* ABOUT THIS TASK:
Extract every line between the one with "Ein Tischler zeigt, wie" and the end of the entries, both included, word for word and free of pictures.
[INFORMATION]
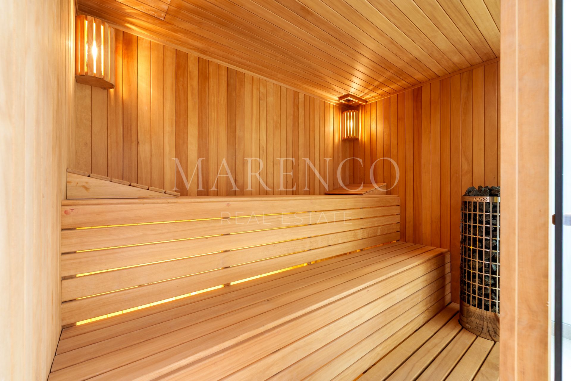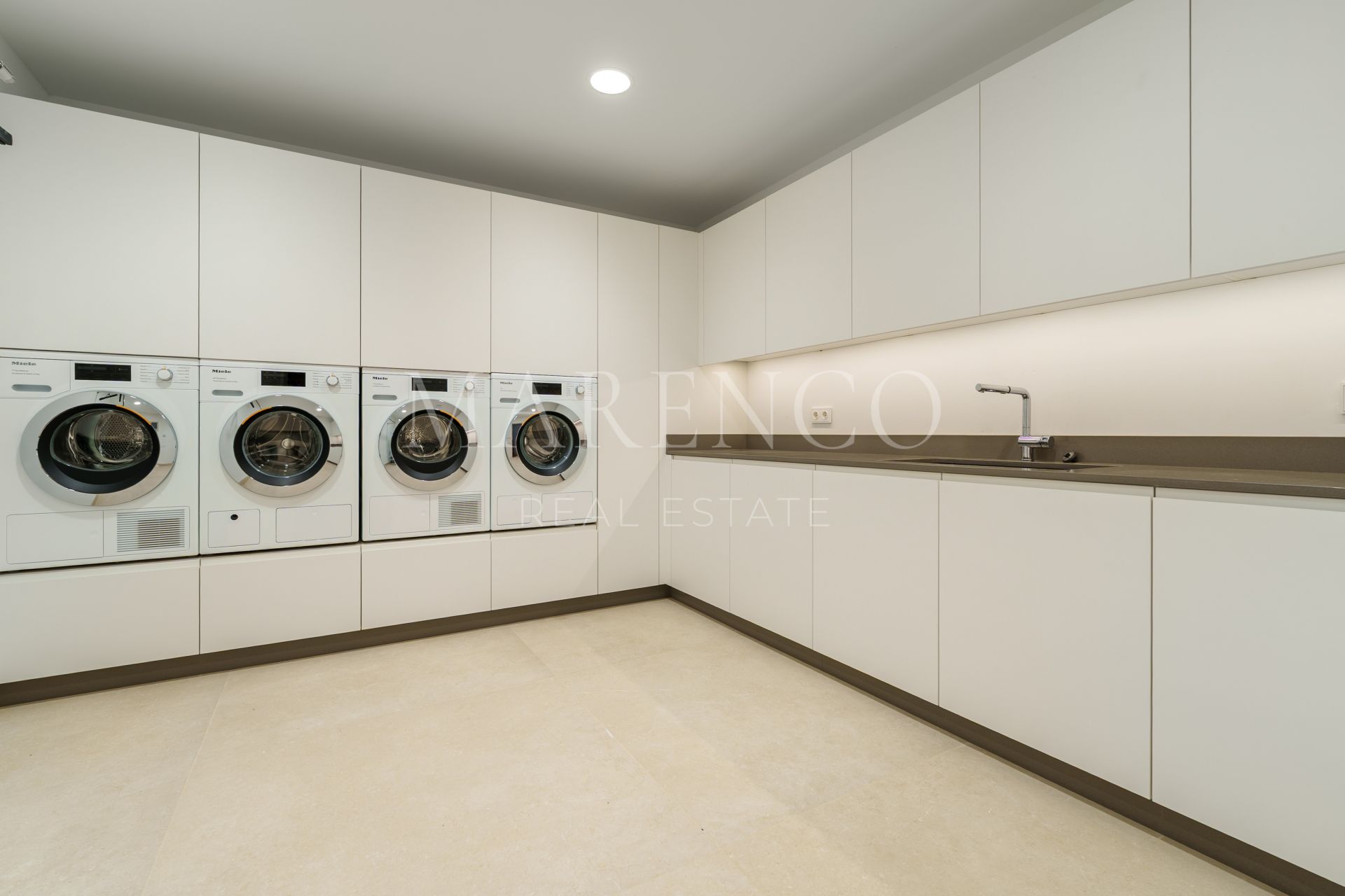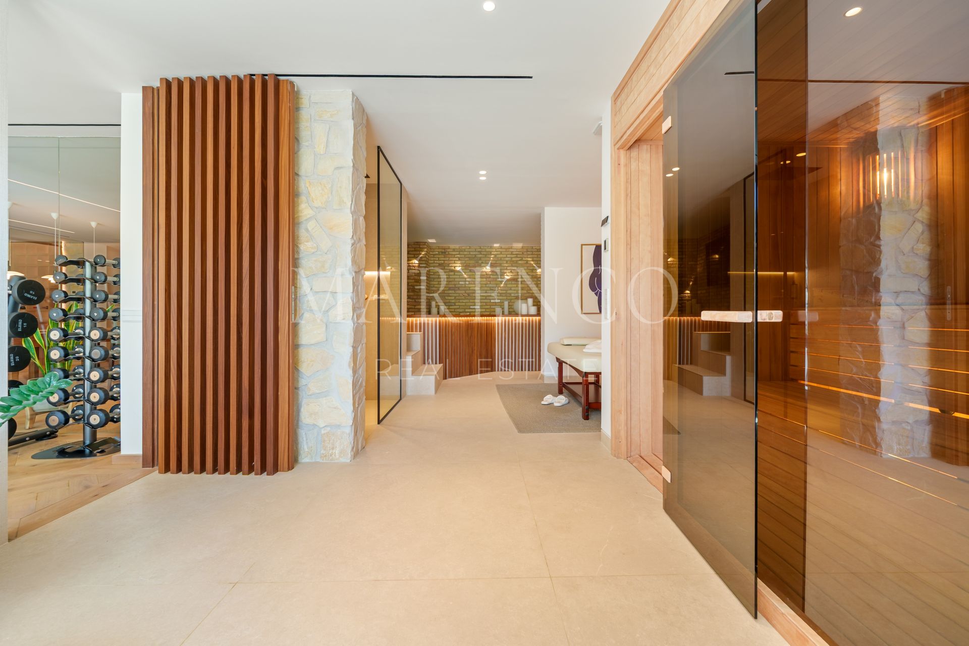 Diese elegante Villa mit 5 Schlafzimmern wurde individuell gestaltet und verfügt über en-suite Badezimmer, großzügige und helle Wohnbereiche mit Kamin sowie eine hochmoderne Küche. Die Master-Suite bietet eine nach Süden ausgerichtete Terrasse, und auch die vier Gästeschlafzimmer sind jeweils mit einem eigenen Bad ausgestattet. Zu den weiteren Highlights zählen ein Weinkeller, ein Unterhaltungsraum, ein Fitnessraum, ein Massageraum, drei Gästetoiletten, ein Waschraum mit vier Maschinen und nun auch ein privater Aufzug, der den Alltag noch komfortabler macht. Der private Salzwasserpool wird ergänzt durch eine nach Süden ausgerichtete Terrasse, eine Lounge, eine voll ausgestattete Außenküche mit Grill sowie eine stilvolle Chill-out-Zone – perfekt, um den mediterranen Lebensstil in vollen Zügen zu genießen.
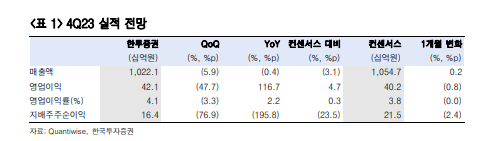 강은지 연구원은 "악성 재고로 인해 훼손되었던 유지 사업의 수익성은 지난해 4분기에 손익분기점(BEP) 수준까지 도달했을 것"이라며 "상반기 중 흑자 전환에 성공할 것"이라고 전망했다.
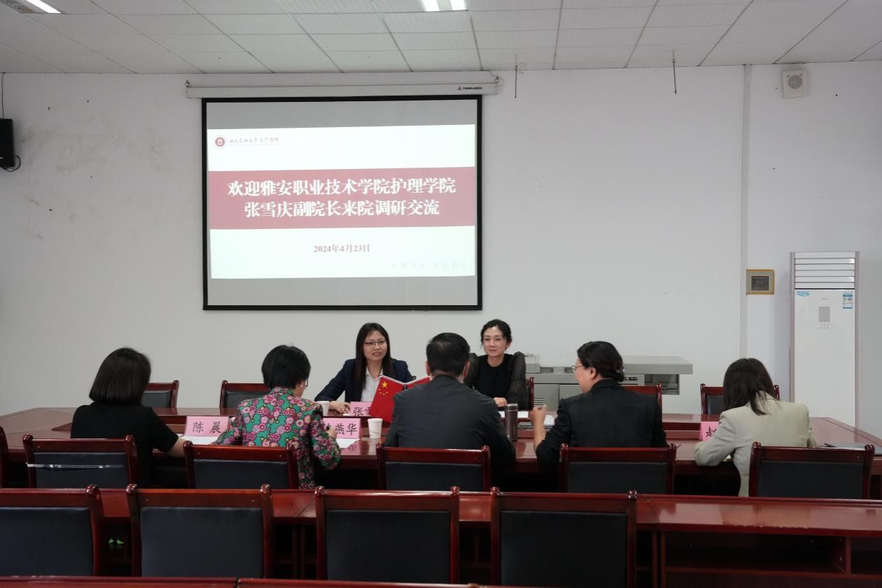4月23日,太阳成集团tyc33455cc副经理、联办护理学专业负责人张雪庆,专职教师黄丹到西南医科大学太阳成集团tyc33455cc,就联办护理学本科相关事宜进行了汇报和深入的交流。西南医科大学护理公司党总支书记刘文胜、太阳成集团tyc33455cc经理陈燕华、副经理傅静、教务科和员工科的负责人出席本次交流会。
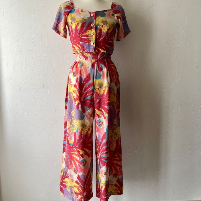 レーヨンのさらっとした肌触りの涼しげなセットアップ◯ 暑い夏に弾ける古着らしい柄がかっこよいです。短めのトップスはデニムと合わせたりショートパンツと合わせたり、夏に着やすい一枚。パンツもハイウエストでワイドめな履きやすいシルエット。それぞれが楽しめる嬉しいセットアップになっています。 サイズ表示M レーヨン100% 日本製 Size (平置き寸法) トップス 身幅 約42cm 着丈 約34.5cm ボトムス ウエスト幅 約28cm〜40cmくらい ゴム入り ヒップ 約110cm 股上 約36cm 股下 約60cm 着丈 約93.5cm ■ 商品について 経年によるシミ、ほつれ、匂い、くすみ、すり傷 などのダメージは可能な限りチェックをし、主なものは記載・写真掲載をするよう努めておりますが、細かいものは見逃す可能性がございます。 古さゆえに愛おしいものである事を何とぞご理解の上、ご購入いただければ幸いです。 特に色味・質感は、当方の撮影環境やお客様の表示環境などにより、実物と印象が若干違う可能性がございますので、疑問等ありましたら積極的に後述の"お問い合わせ方法"でご確認いただければと思います。 ■ 返品・返金・交換 返品・返金・交換は基本的にお受けできませんが、聞く耳は持ち合わせております。瑕疵・不備・問題点・ご不満などございましたら、後述の"お問い合わせ方法"でお気軽にご連絡ください。 ■ お問い合わせ方法 当店は、お客様の声は大切なフィードバックだと考えています。 何かご不明な点・ご意見などございましたら、事前・事後問わず何なりと、お気軽にお問い合わせください。 ・メッセージ 画面下(ショップに質問する)や隅(パソコンの場合)にある吹き出しアイコン ・電子メール メニュー → CONTACT の入力フォーム ■ さいごに ビンテージ衣料・アクセサリー・グッズの醍醐味は、上記のような多少の欠点と引き換えに、古いものや経年変化でしか得られない、他にはないデザイン、センス、色味、渋み、時間の重み などの価値を得る事ができるの点だと当店は考えています。 何とぞご理解の上、ご購入を検討いただければ幸いです。 ご一読いただき、どうもありがとうございました。
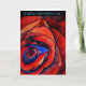 Perfect for Valentine's Day with original art design from watercolour painting by Sacha Grossel of large, close focus, macro style red rose with blue highlights and Valentine's Day greeting. This traditional English flower with crimson petals has a bright, intense color design that conveys the abstraction of the botanical form and themes of love and passion.
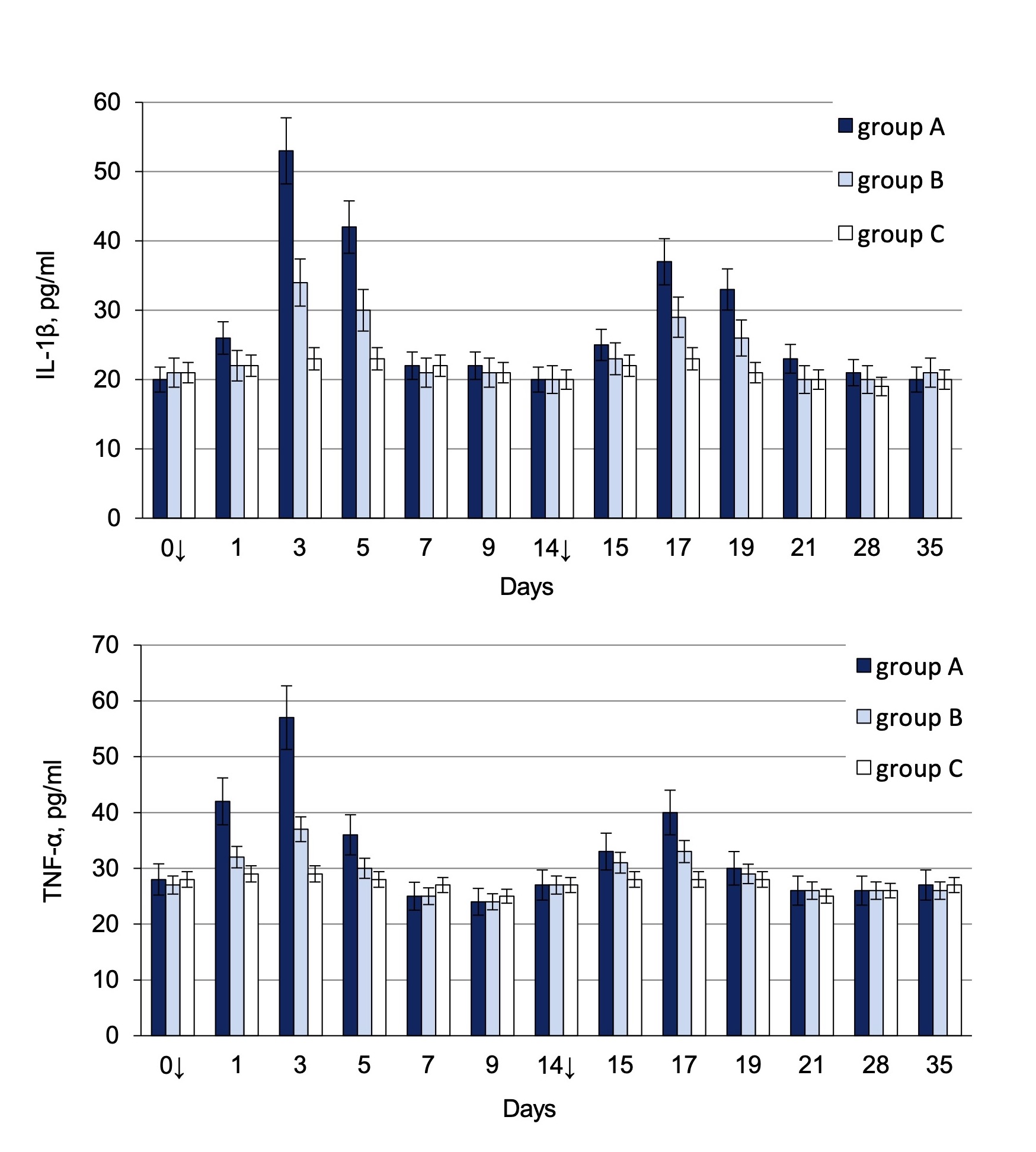 Fig. 3. Dynamic of cytokines TNF-α and IL-1β in C57Bl/6 mice’ sera immunized with the different doses of inactivated CHIKV.
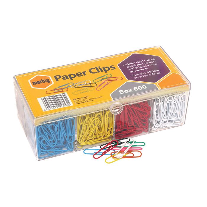 MARBIG PAPER CLIPS COLOURED 33MM BX/800. 33mm vinyl coated round metal clips. Clips protect paper and photos from scratches. Strong, sturdy wire construction grips papers firmly. The box includes 8 bright colours: Green, Red, Pink, Yellow, White, Blue, Black and Orange. In sturdy plastic reusable container with compartments for each colour.
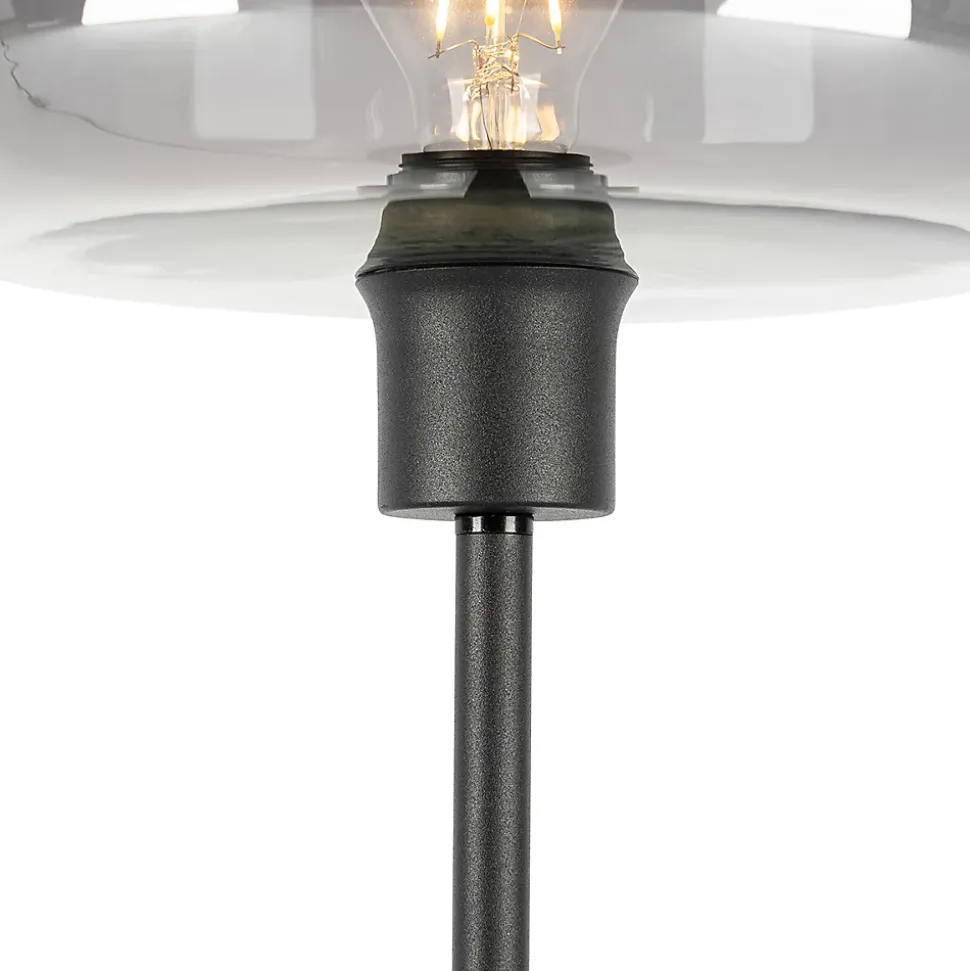 Votre intérieur Art déco a besoin d’un petit coup de frais ? Alors la lampe de table Bizle est faite pour vous ! Fabriquée en verre fumé et en acier, elle est présentée dans une finition grise et noire. Bizle a un diamètre de 28 cm et une hauteur de 46 cm. La lampe de table dispose d’un culot E27. N’oubliez pas de commander l’ampoule séparément. Elle est livrée avec un cordon et une prise. Le cordon mesure 200 cm de long. Vous avez besoin de moins de lumière ? Bizle est équipée d’un variateur d’intensité, mais celui-ci n’est pas inclus. Avec Bizle, vous êtes toujours entre de bonnes mains : vous allez vouloir cette lampe de table dans votre maison, n’est-ce pas ?
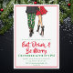 Mit dieser festlichen Weihnachtscocktail-Party Einladung lassen Sie die Urlaubssaison ganz schön genießen! Dieses Design mit einem stilvollen Paar, das zum Eindrücken gekleidet ist - die Frau in einem schicken roten Kleid mit schwarzen Heelsen und der Mann in einer spielerischen Santa-Print Hose mit einem schwarzen Blazer, der ein Bier hält - Set für eine fröhliche Nacht. Personalisieren Sie mit Ihren Party-Details für eine Ansammlung Urlaub Ihre Gäste nicht vergessen!
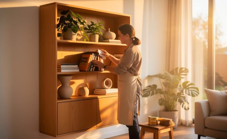 Ein Tischler zeigt, wie Naturholzregale das Raumklima durch Feuchtepufferung und geringe VOCs verbessern – inkl. Holzarten, Zertifikate und Pflege-Tipps.
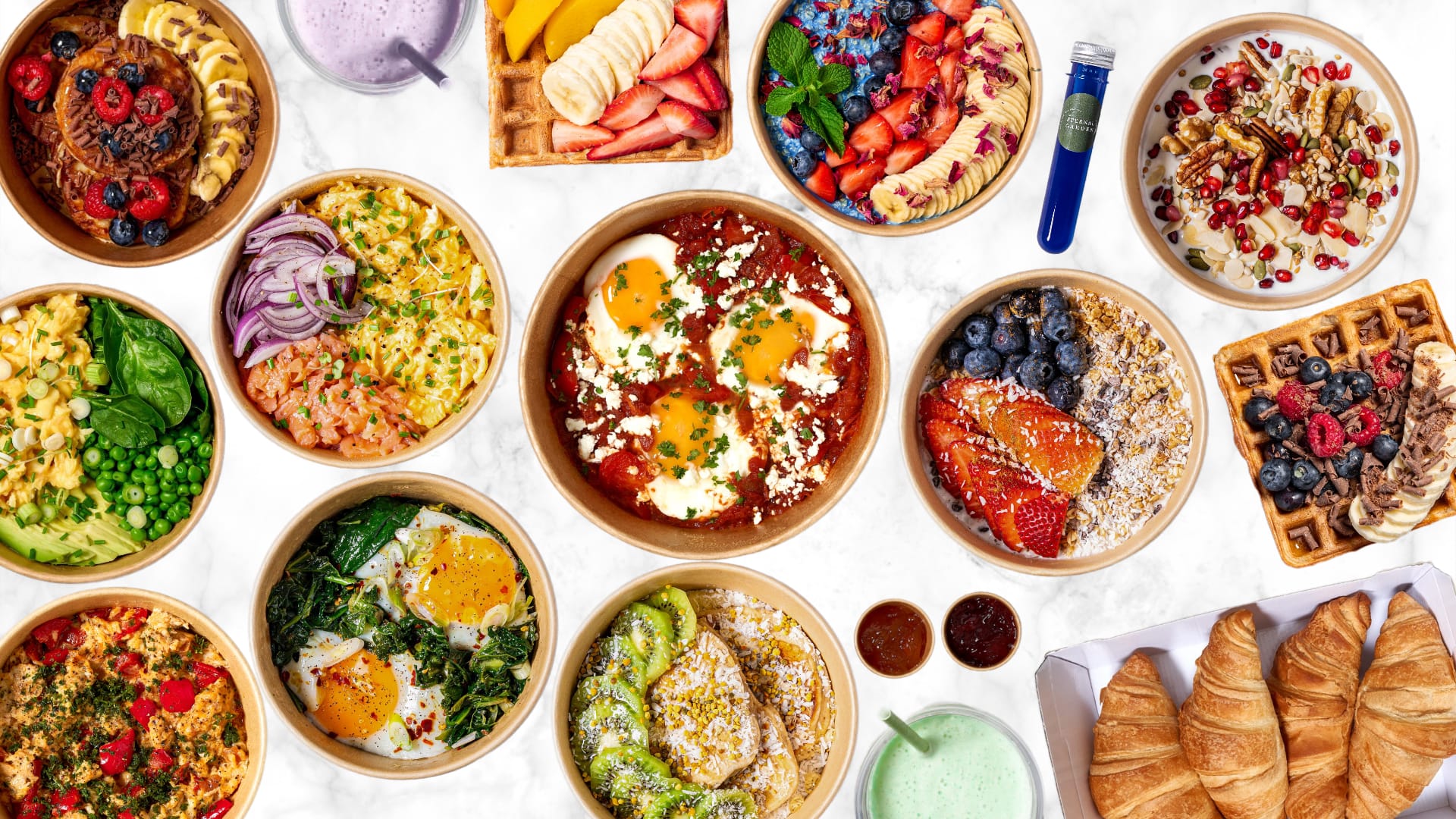 Choose any two smoothies of your choice (and add as many Boosters as you want!) Photo includes serving suggestions.£17.00Breakfast Pot & a Superfood Shot 🥣🥚🍇
[/INFORMATION]
* WRITTEN RESPONSE:
 Ein Tischler zeigt, wie Naturholzregale das Raumklima durch Feuchtepufferung und geringe VOCs verbessern – inkl. Holzarten, Zertifikate und Pflege-Tipps.
 Choose any two smoothies of your choice (and add as many Boosters as you want!) Photo includes serving suggestions.£17.00Breakfast Pot & a Superfood Shot 🥣🥚🍇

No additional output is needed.